* Aim of the exercise *
Word for word, transcribe every line from the one holding "Estudio, 1 Baño, 487 pies²Galería del Modelo" through the end of the records, but not the pictures.

* Extracted information *
┄┄┄┄┄┄┄┄┄┄

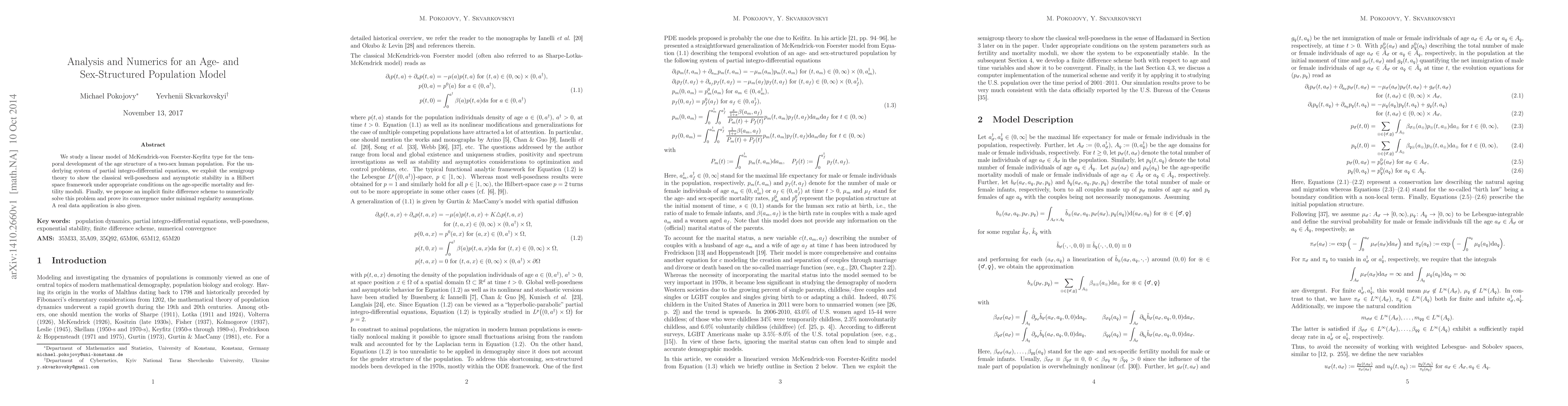 This paper analyzes a linear age- and sex-structured population model using semigroup theory to demonstrate well-posedness and stability. It proposes an implicit finite difference scheme for numerical solutions, proving its convergence, and applies the method to real data.
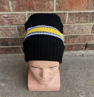 The Alpine Cuffed Beanie was designed to mimic the Carhartt Cuffed Beanie. Its 3” cuff keeps your ears warm and looks great on any guy or gal. This hat has a unique short rows crown and utilizes a bind off that can only be created using the Flexee Loom Links Skinny loom.
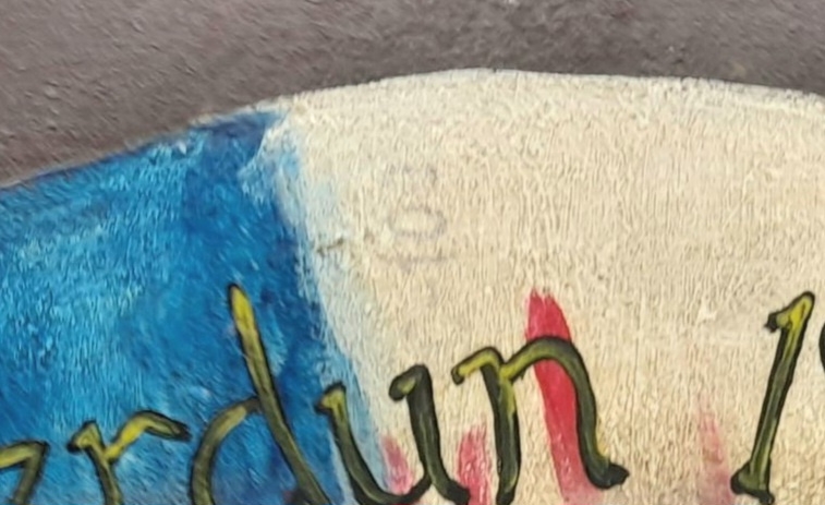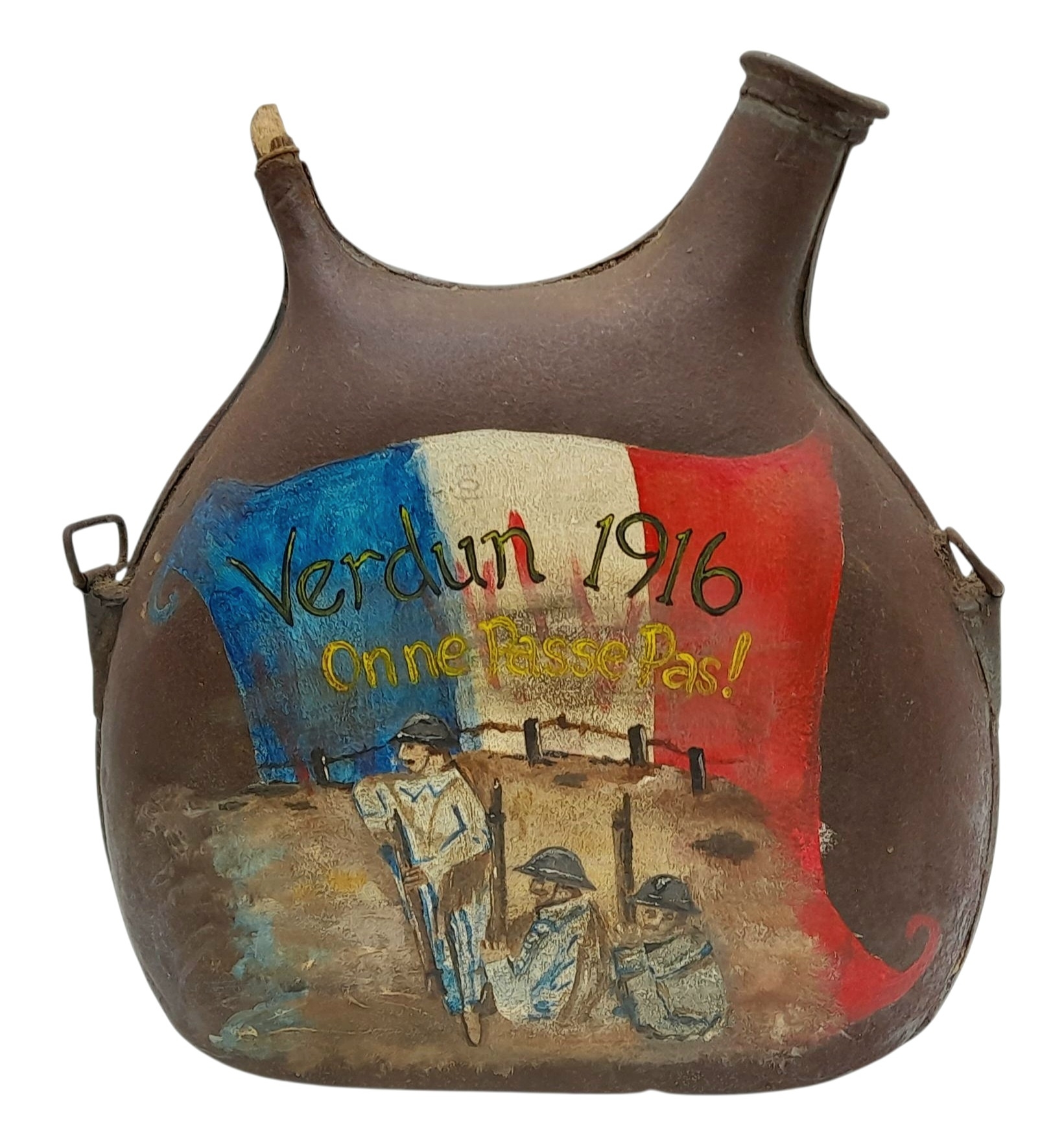 WW1 French Water Bottle with a Post War Memorial Painting.
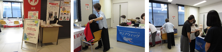 第1回目は「パーソナルカラー診断・似合う口紅・ウィッグ相談」と題し、資生堂とマリブウィッグのご協力をいただいて開催しました。当日は患者さんやご家族の方々だけでなく、スタッフの皆さまにもブースに立ち寄っていただき、計24名のご参加をいただきました。会場はとても和やかで、笑顔あふれる時間となりました。
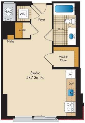 Estudio, 1 Baño, 487 pies²Galería del Modelo
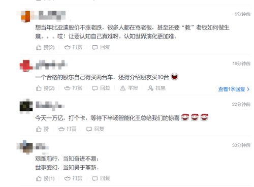 有网友吟诗作对:“艰难前行,当知奋进不易;世事变幻,当知勇于革新”;更有股东放出豪言,合格股东得自己买两台车,还要介绍朋友买10台!
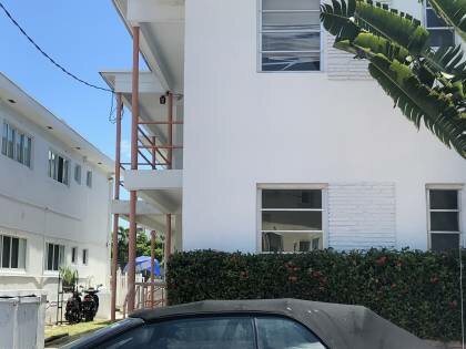 This is a 2-story multi-family residence in the Post War Modern style built in 1950. The structural system is cbs iii. The foundation is spread footing. Exterior walls are stucco and stone veneer. white stucco with white stone veneer. The building has a flat roof. Windows are awning.
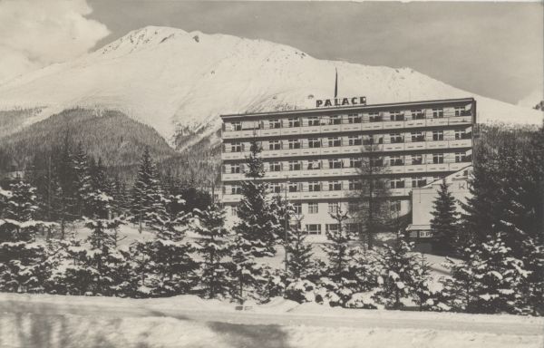 Nowy Smokowiec w zimowej scenerii. Sanatorium Palace. W tle Sławkowski Szczyt.
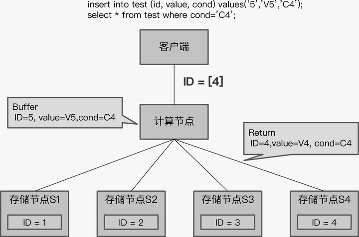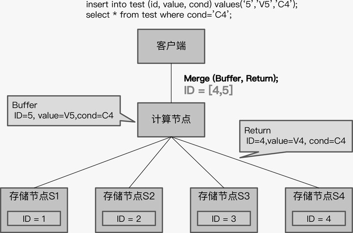 TiDB 采用了“缓存写提交”技术,就是将所有的写 SQL 缓存起来,直到事务 commit 时,再一起发送给存储节点。这意味着执行事务中的 select 语句时, insert 的数据还没有写入存储节点,而是缓存在计算节点上的,那么 select 语句下推后,查询结果将只有 ID 为 4 的记录,没有 ID 等于 5 的记录。
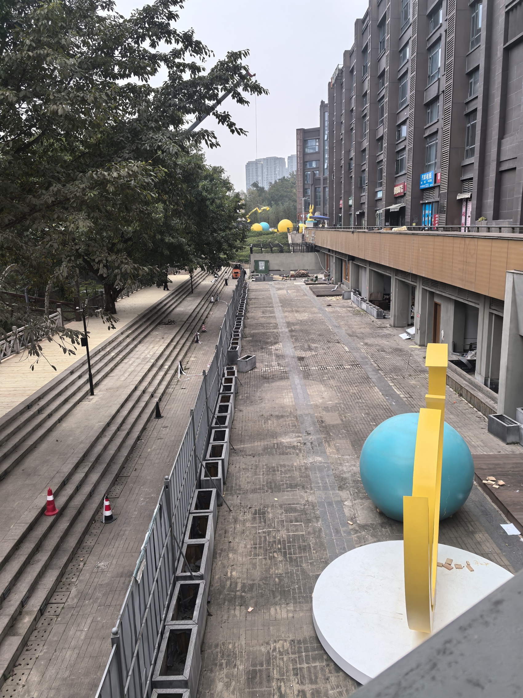 金房大榕湾小区沿河而建,由多栋高层住宅组成。网友反映的“宠物一条街”项目位于小区6号楼底层商铺区域。6号楼一楼是商铺,楼上则都是公寓住房,该处商铺沿河分布,记者看到,有近10处店面处于打围状态。其中,拐角两处店面围挡上明确标出商家的名字及未来的经营业态——宠咖、洗美、寄养,宠物日托幼儿园、宠物商品零售。

┄┄┄┄┄┄┄┄┄┄

* Output for this task *
 Estudio, 1 Baño, 487 pies²Galería del Modelo
 有网友吟诗作对:“艰难前行,当知奋进不易;世事变幻,当知勇于革新”;更有股东放出豪言,合格股东得自己买两台车,还要介绍朋友买10台!
 This is a 2-story multi-family residence in the Post War Modern style built in 1950. The structural system is cbs iii. The foundation is spread footing. Exterior walls are stucco and stone veneer. white stucco with white stone veneer. The building has a flat roof. Windows are awning.
 Nowy Smokowiec w zimowej scenerii. Sanatorium Palace. W tle Sławkowski Szczyt.
 TiDB 采用了“缓存写提交”技术,就是将所有的写 SQL 缓存起来,直到事务 commit 时,再一起发送给存储节点。这意味着执行事务中的 select 语句时, insert 的数据还没有写入存储节点,而是缓存在计算节点上的,那么 select 语句下推后,查询结果将只有 ID 为 4 的记录,没有 ID 等于 5 的记录。
 金房大榕湾小区沿河而建,由多栋高层住宅组成。网友反映的“宠物一条街”项目位于小区6号楼底层商铺区域。6号楼一楼是商铺,楼上则都是公寓住房,该处商铺沿河分布,记者看到,有近10处店面处于打围状态。其中,拐角两处店面围挡上明确标出商家的名字及未来的经营业态——宠咖、洗美、寄养,宠物日托幼儿园、宠物商品零售。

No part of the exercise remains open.